Ceux qui me suivent sur Twitter et Instagram le savent sans doute déjà, j’adore la scénographie et tout particulièrement lorsque celle-ci incorpore des installations multimédias ou interactives. De nombreux artistes japonais, tels que Manabe Daito, participent grandement à ce paysage. Si vous ne connaissez pas cet artiste, la vidéo ci-dessous présente sa dernière réalisation pour le groupe pop Perfume en collaboration avec TECHNOLOGY pour les Jeux Olympiques de 2020.

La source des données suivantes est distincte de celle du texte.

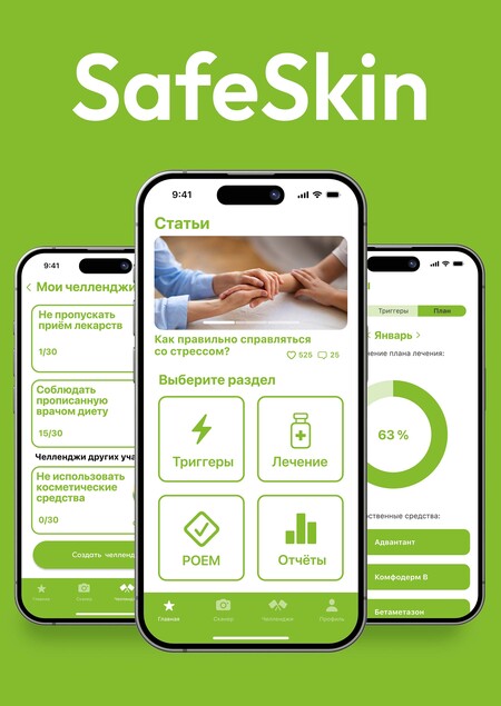 SafeSkin — это мобильное приложение для подростков с атопическим дерматитом, которое создано для того, чтобы
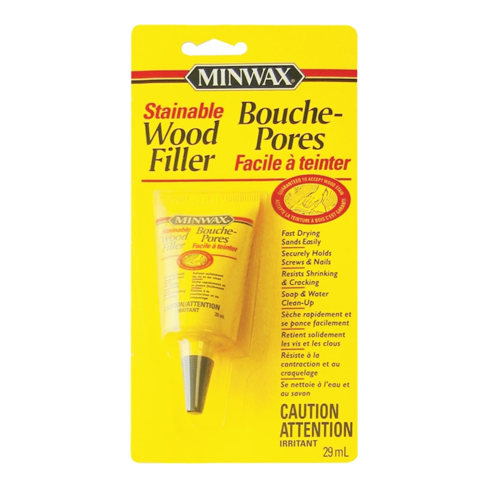 Minwax® stainable wood filler is ideal for repairing cracks, small gouges, nail holes, knot holes and other defects in all types of unfinished indoor and outdoor wood surfaces.

Il s’agit avant tout d’expériences artistiques dont le but est d’immerger les spectateurs au sein de créations virtuelles. En cet été 2018, nous avons la chance à Paris d’accueillir deux expositions qui cherche à exploiter ces techniques : celle sur Gustav Klimt à l’Atelier des Lumières et du TeamLab à la grande Halle de La Villette, au-delà des limites. C’est de cette dernière que je vais vous parler.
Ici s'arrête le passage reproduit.